4. Heterotrof (dengan bakteri heterotrof (Bioflok))
Dengan penambahan karbon organik (tepung tapioka, tepung terigu, molase), amonia akan diubah menjadi bakteri heterotrof oleh bakteri. Syaratnya, C/N ratio harus lebih dari 10 dan cukup oksigen.
Karbon organik + amonia à sel mikroba (bakteri)
Pada nilai C/N ratio yang rendah, mikroba yang berkembang cenderung memanfaatkan senyawa N organik (asam amino, protein, amina) sebagai sumber N dalam mensintesis protein. Sedangkan pada nilai C/N ratio yang tinggi, mikroba yang berkembang menggunakan N anorganik (amonia dan nitrat) sebagai sumber N dalam menyusun protein dalam selnya. Namun apabila nilai C/N ratio terlalu tinggi akan berakibat terhambatnya proses penguraian bahan organik karena kekurangan unsur N (Van Wyk, 2006).
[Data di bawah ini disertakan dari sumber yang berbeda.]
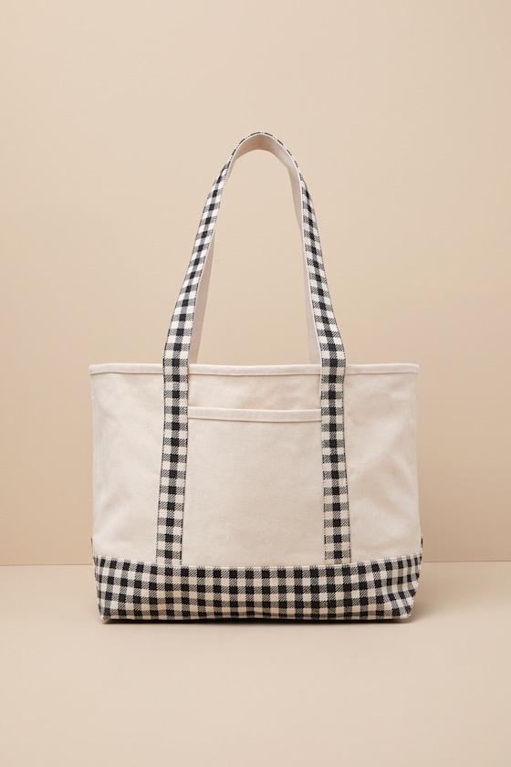 All the errands you have to run will be made easy thanks to the Lulus Meesha Beige Gingham Tote Bag! This oversized canvas tote bag is the just what you need to keep all your daily must-haves within an arm's reach. The rectangular silhouette features an exterior pocket at the front, along with a darling black and white gingham pattern that accents the flat bottom and twin tote handles. Reach into the open top to find an extra spacious interior that can hold everything you need (and more)!

5. Penambahan bahan pembantu
Amonia juga dapat dikendalikan dengan mengaplikasikan bahan pembantu seperti: zeolite (kerjanya sangat dipengaruhi oleh salinitas), arang aktif, dan ekstrak tanaman yucca.
Karbon organik
Dengan menerapkan teknologi bioflok, amonia bisa dikendalikan dengan mengaplikasikan karbon organik ke dalam media budidaya. Caranya, ukur kandungan total amonia (TAN) dalam air tambak. Selanjutnya diberi perlakuan karbon yang dapat dihitung dengan rumus berikut ini.
KH = 20 x TAN
KH : karbohidrat (karbon organik) dalam bentuk tepung yang mempunyai kandungan C 50%.
TAN: total amonia nitrogen (yang dapat diukur dengan test kit amonium atau spektrofotometer).
Misalnya, hasil pengukuran TAN sebesar 0,2 ppm. Maka kebutuhan karbohidrat (misal tepung tapioka) adalah 4 ppm (= 20 x 0,2 ppm). Bila menggunakan molase, jumlah yang dibutuhkan dua kali lipatnya karena kandungan C organik dalam molase sekitar 24%.
Untuk mencegah munculnya amonia karena menggunakan pakan berprotein tinggi (C/N ratio kurang dari 10), nilai C/N ratio harus ditingkatkan menjadi 20, yang berarti C harus ditambahkan. Penggunaan karbohidrat untuk meningkatkan nilai C/N ratio akan diuraikan dalam artikel edisi berikutnya.